By Brady Henderson
Brandon Browner came to Seattle last winter for a workout with the Seahawks, hoping his latest audition would finally land him a job in the NFL.
In case he needs another reminder of how much his fortunes have turned in a year, he should look no further than the place he’ll spend part of this winter. That would be Hawaii, where he’ll play in Sunday’s Pro Bowl.
“That sounds amazing, man,” the Seahawks cornerback told “Bob and Groz” Tuesday when asked what it’s like to hear “Pro Bowler” precede his name. “It’s a blessing.”
Brandon Browner had a team-high six interceptions and led the league with 23 passes defended. (AP)
Browner, a first alternate, was added to the NFC roster Monday night as a replacement for San Francisco’s Carlos Rogers, who won’t play due to an injury. He will join strong safety Kam Chancellor, free safety Earl Thomas, fullback Michael Robinson and running back Marshawn Lynch to form the franchise’s largest Pro Bowl contingent since the 2005 team had seven representatives.
That’s quite a turnaround for a franchise that didn’t have one player make the Pro Bowl in either of the last two seasons.
The same can be said for Browner, who had spent the last four seasons in the Canadian Football League, coming up empty each time he tried out for an NFL team.
“Those tryouts a little bit dampered my spirits,” he said, “had me feeling like maybe I wasn’t good enough or whatnot.”
Browner had one goal in mind when Pete Carroll brought him in for a workout.
“It was most definitely just to make the team. I told coach Carroll at my workout that I would really appreciate a shot — a legitimate shot — at making this team,” he said. “A lot of guys get shots but there are a lot of guys brought in (to be) camp bodies. I told him, ‘You brought me in. I can do some things with this team.’
“I felt the need at the cornerback position; I thought they were a little small and I felt I could do some things with the team. That’s how it worked out for me.”

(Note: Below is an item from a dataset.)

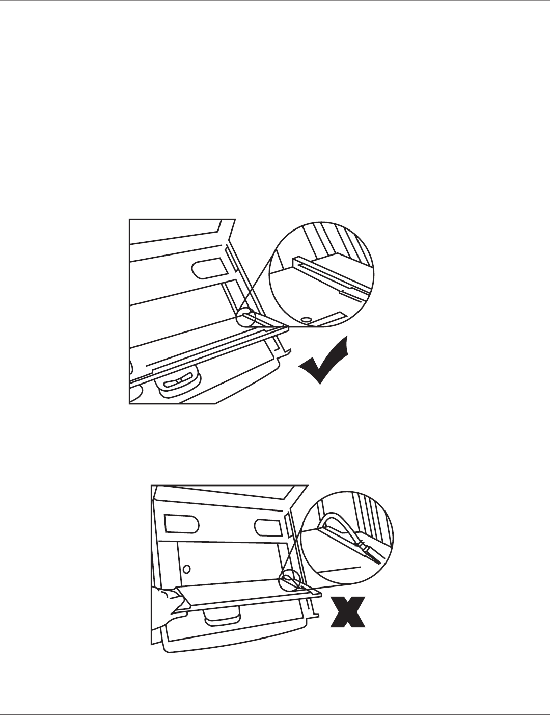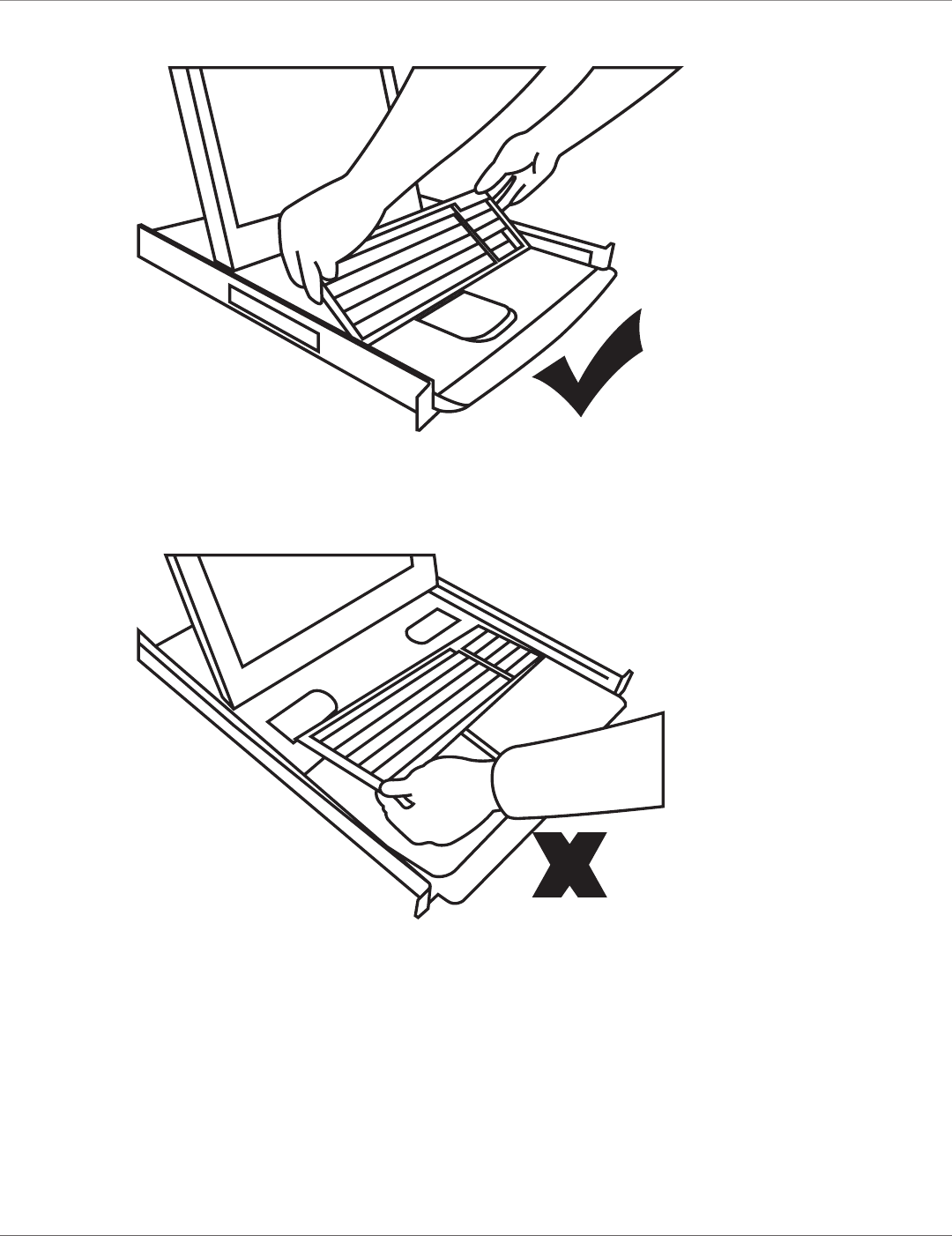 1. When installing a keyboard, make sure you place the cable flat inside the tray.

After signing a futures contract in January, Browner was pressed into action during training camp while Walter Thurmond was sidelined with an ankle injury. He kept the job, starting all 16 games while helping Seattle’s pass defense improve from 27th in 2010 to 11th this season. Browner had a team-high six interceptions and returned two for touchdowns. He led the league in passes defended with 23.
Browner’s aggressive coverage worked for him at times and against him at others. He was among the league’s most penalized cornerbacks, an issue he intends to curb next season.
“I’ve always been a big guy who’s always dealt with being overly aggressive at times,” he said. “I think I led the CFL in penalties, and that’s not something I want to be known for. I’ve always had to work on that. And next season I’m looking forward to knocking those down and taking those out of my game.”